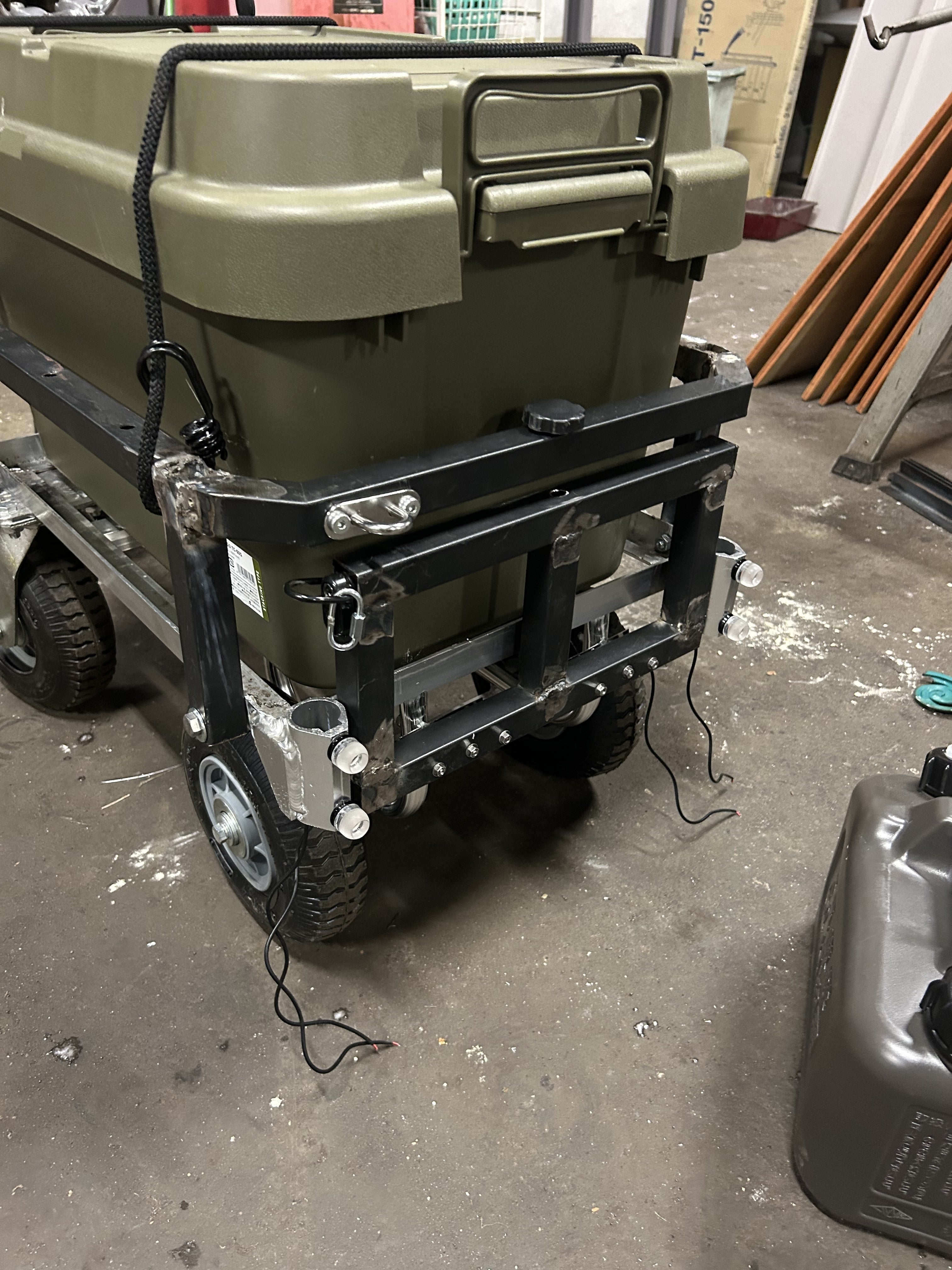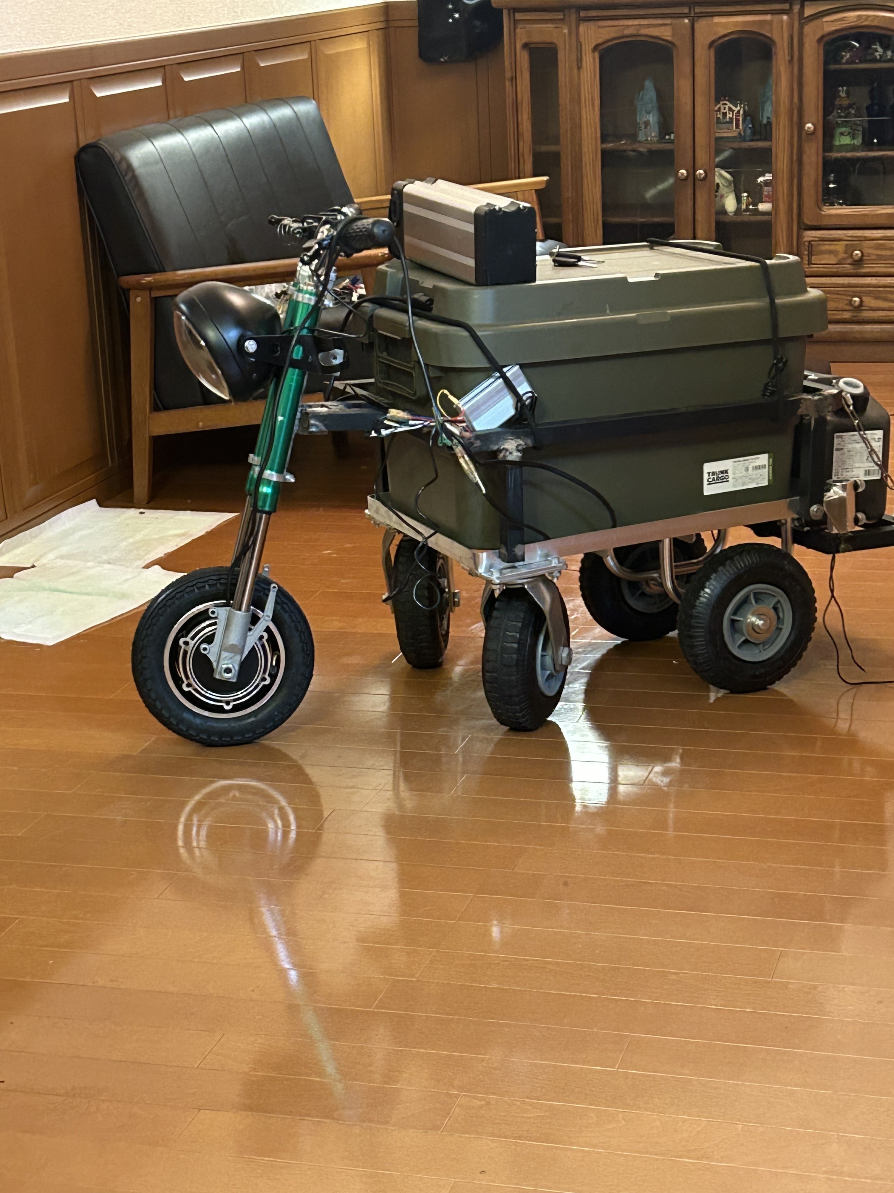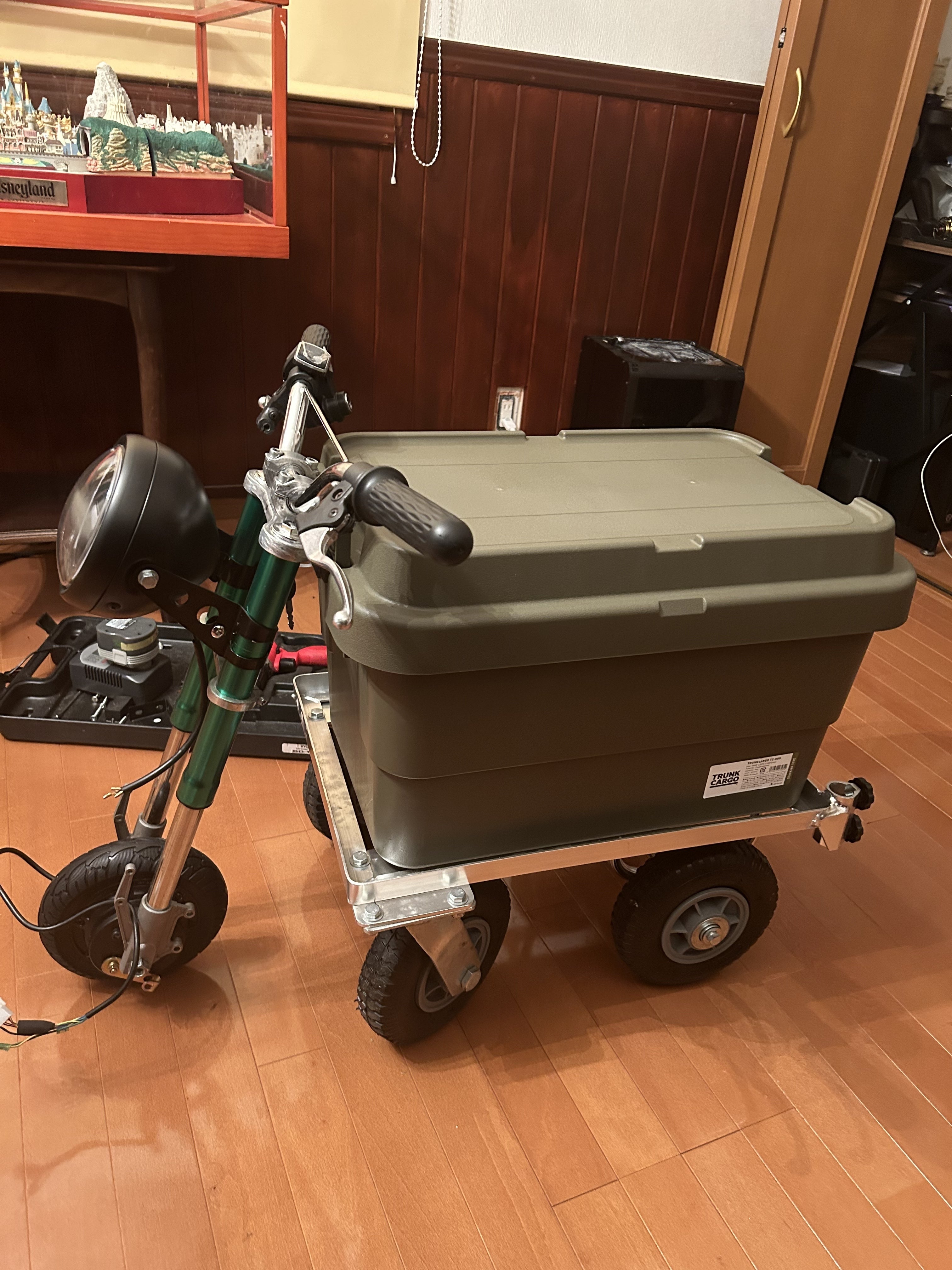 クーラーボックスやお気に入りのコンテナに跨り走ることを目標とした作品です。なのでクーラーボックス自体はお客様側で用意をしてもらうことが必須になってます
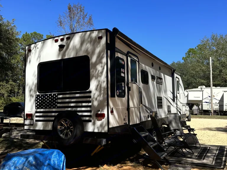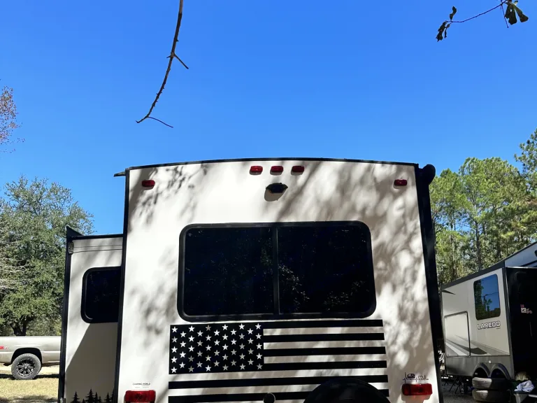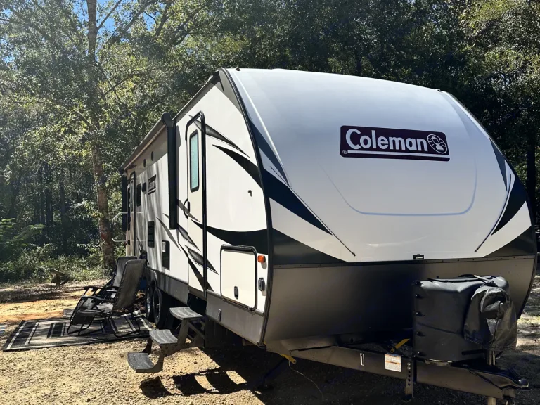Our 31ft Coleman travel trailer has 1 large slide out with a couch and dinette table. In the bedroom you will find a true queen size bed with storage space above and below the bed and closets on either side. In the main living space, u will find a 32 in tv with Roku. With tons of storage hidden behind the tv. the couch will fold out into a bed and the dinette table can also be set up as a bed. In the kitchen space you will find everything you need to stay in and eat. Whether you want to cook in the microwave or perhaps the oven you will find what you need to make a home cooked meal you can enjoy. The bathroom is equipped with a shower, sink and toilet. We deliver and set up up for you.What's includedIncluded with your rental: Fresh linens, pillows, pots and pans, camping chairs, RecommendationsThere are 2 state parks in this area.Historic Blakeley State Park
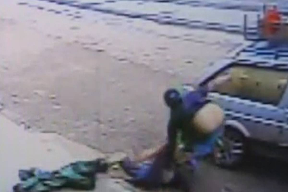 As imagens mostram ainda o jovem largado na rua desacordado. Alguns segundos depois, outros pedestres se aproximam do jovem e tentam fazer o socorro.
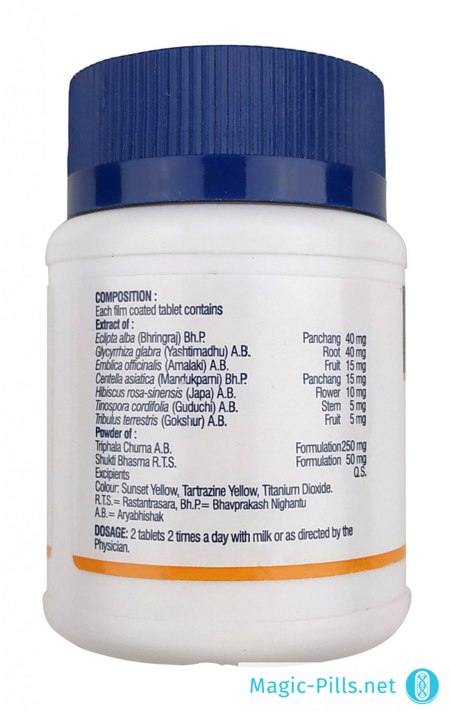 В состав обсуждаемого препарата входят исключительно натуральные (природные) компоненты, в частности, экстракты целебных трав (к примеру, Брами, Брингараджа, Амалаки, Солодки голой, Гибискуса, Розы китайской, Лакрицы, Гокшуры, Гудучи).

=======

» What the task requires:
An exact copy is needed of the lines running from the one containing "As imagens mostram" through the last line of the material, and of no others; pictures stay out.

» Solution for this problem:
 As imagens mostram ainda o jovem largado na rua desacordado. Alguns segundos depois, outros pedestres se aproximam do jovem e tentam fazer o socorro.
 В состав обсуждаемого препарата входят исключительно натуральные (природные) компоненты, в частности, экстракты целебных трав (к примеру, Брами, Брингараджа, Амалаки, Солодки голой, Гибискуса, Розы китайской, Лакрицы, Гокшуры, Гудучи).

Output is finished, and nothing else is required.